7. Ruined by reading
Apart from aspiring towards thirty minutes of usage a day, my main rule is that I try not to check social media until noon. If you want to get into a state of flow, if you want to get any deep work done, you can't have your attention scattered in a thousand directions by social media. There was a time in the past when I would check my phone first thing after waking ... well, I say the past, it was actually yesterday. It's a buzz to get a nice message, but you're just a few taps away from the latest toxic discourse from the culture wars. Twitter can make people apoplectic in minutes, which leaves them in a terrible mindspace to do work. Indeed, Nietzsche thought any reading in the morning left one incapable of thinking:
The scholar — a decadent — I have seen it with my own eyes: natures that are gifted, rich, and disposed to be free, already 'ruined by reading' in their thirties, just matches that have to be struck to emit sparks — 'thoughts'. Early in the morning, at the break of day, when everything is fresh, in the dawn of your strength, to read a book — that is what I call depraved!
8. Expectational doubt
Being on social media is good training for having no expectations or attachments to an outcome. One doesn't know if something will go viral or sink without a trace. I post things because I want that thought out in the universe. My current posting model is Paul Schrader, the legendary screenwriter and director, who writes random updates on Facebook about whatever is on his mind. What he doesn't do is just promote projects or share press clippings about himself. He doesn't write to foment a culture war. He doesn't post memes only understood by the terminally online. He has a thought and posts it.

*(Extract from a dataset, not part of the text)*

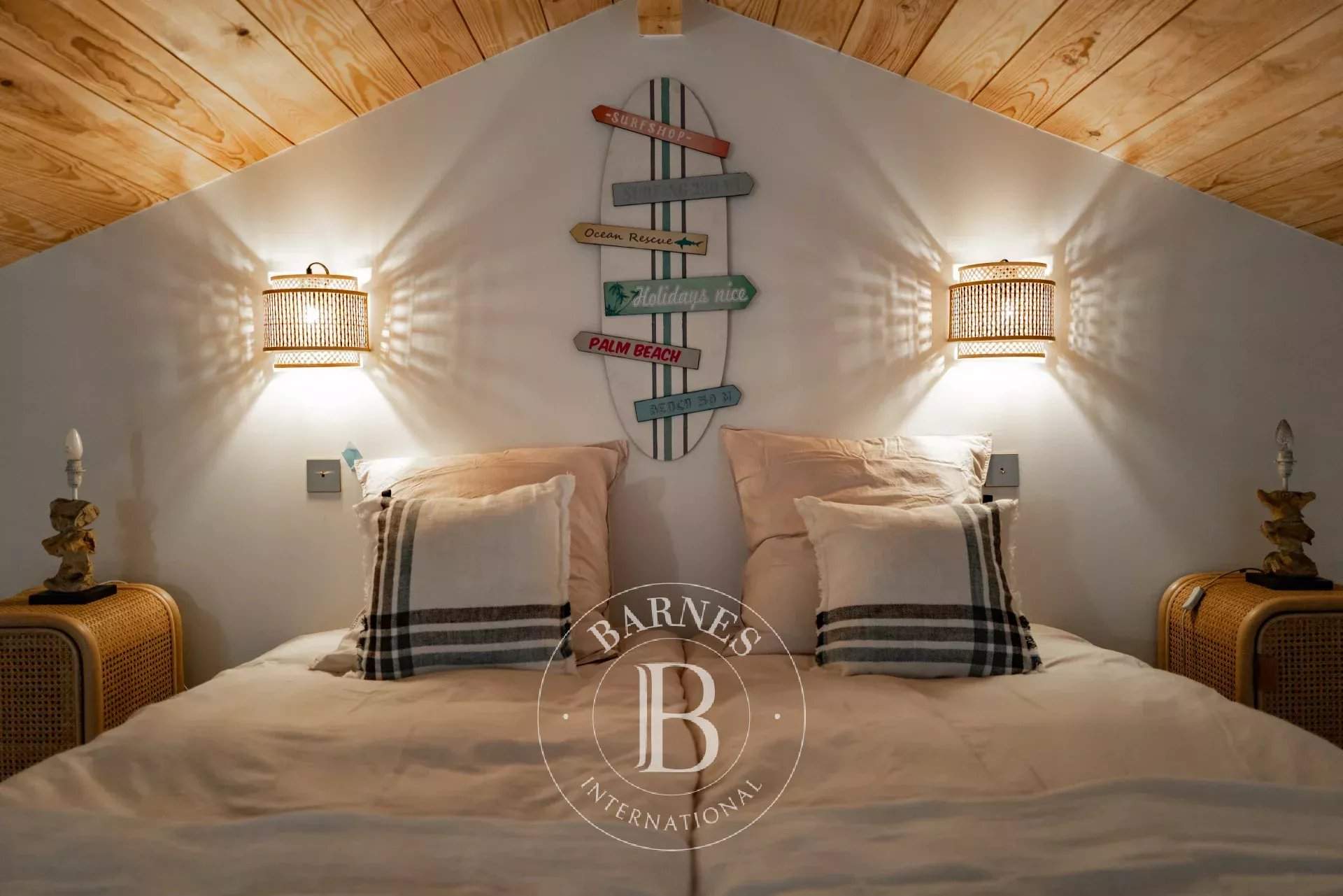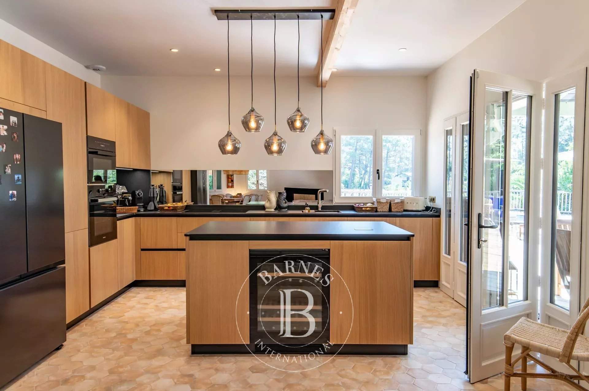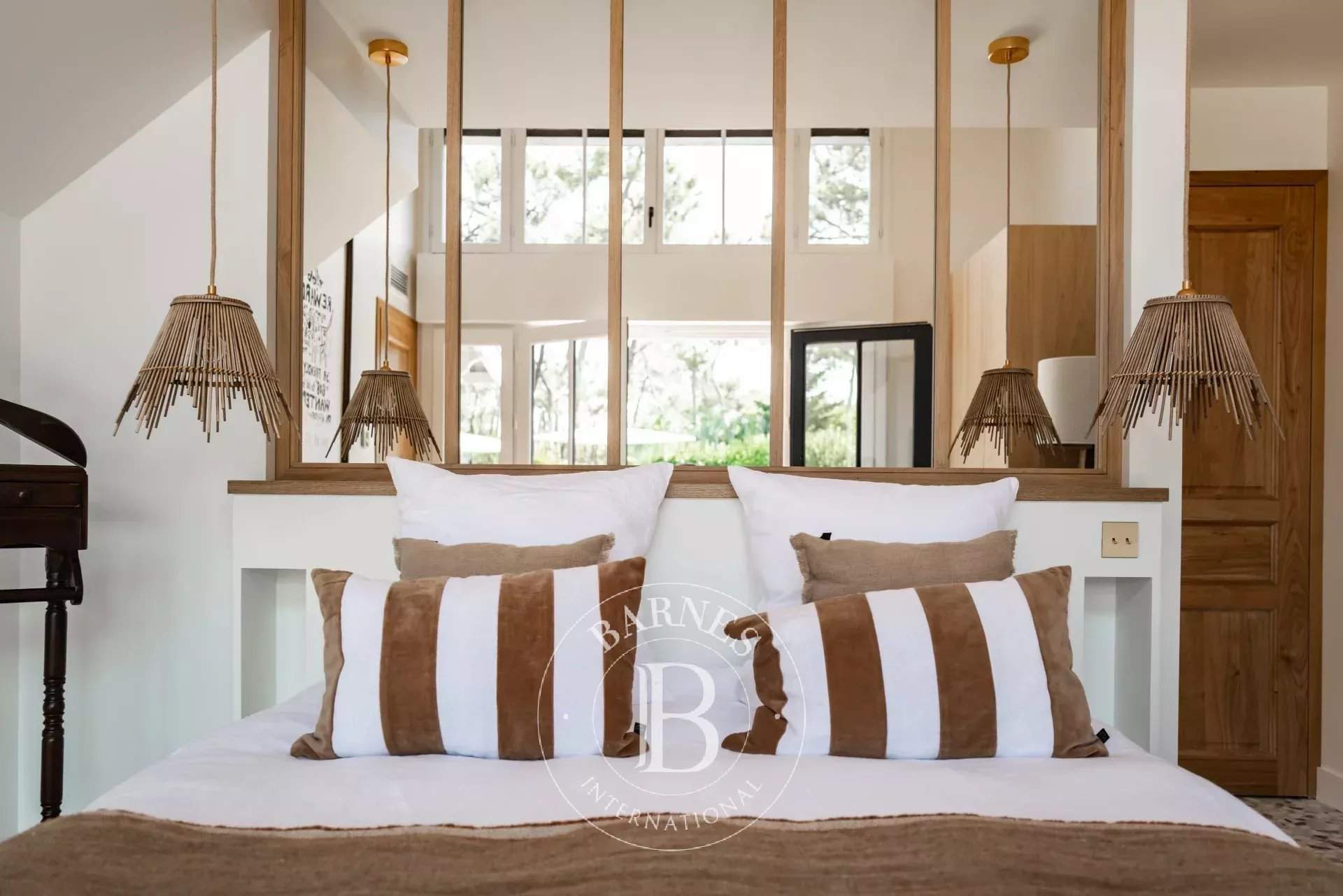 L'agence BARNES Cap Ferret vous présente, au Cap Ferret, cette villa d'exception proposée en location saisonnière, idéalement située à quelques minutes du Bassin d'Arcachon et des 44 hectares, des plages océanes et des commerces. Implantée dans un environnement calme, cette propriété d'environ 260 m² est une adresse privilégiée pour profiter pleinement du Cap Ferret en famille ou entre amis. La pièce de vie, spacieuse et lumineuse, réunit un salon et une cuisine ouverte entièrement équipée, pensée pour partager les moments du quotidien après la plage. Les larges ouvertures donnent accès aux terrasses et à la piscine, permettant de vivre dedans et dehors. La villa dispose de cinq chambres confortables, dont plusieurs bénéficient d'un accès direct à la terrasse et d'une vue sur la piscine, ainsi que de cinq salles d'eau. Cette configuration permet d'accueillir confortablement 8 à 10 personnes, chacun disposant de son propre espace. Un salon TV, un espace dédié aux enfants et une buanderie complètent l'agencement de la maison. À l'extérieur, le jardin paysager d'environ 1 800 m² accueille une piscine chauffée et sécurisée de 13 x 5 mètres, idéalement exposée. La propriété dispose également d'une cuisine d'été et d'un terrain de pétanque.

9. Dunbar’s Number Respecter
I strongly advocate being a Dunbar's Number respecter online, which is to acknowledge that you can only have meaningful relationships with around 150-250 people at a time. You should be careful how these relationships are curated. Whenever I see someone who follows several thousand people, I just assume that they really don't care about reading what people have to say. They might check in occasionally but only do so to get a whiff of the zeitgeist. Most of the people I unfollow are simply because they post too much or it is too depressing. I get it: things are bad. Making me feel bad all the time isn't going to make things better.
10. Submitting to Moloch
Last week's bumper edition of the blog linked to twelve interviews I conducted in the noughties, amounting to tens of thousands of words. I had no expectation that any of my readers would devour them all but wanted to make them available to that omniscient reader: Google, the great Moloch that consumes everything you throw at it and who allows us the fantasy that we can access the right information at the right time. So what does your information diet look like? Do you feel overwhelmed? Are you being nourished?
Wise words Neil. I am going to try to aim for 30 minutes a day.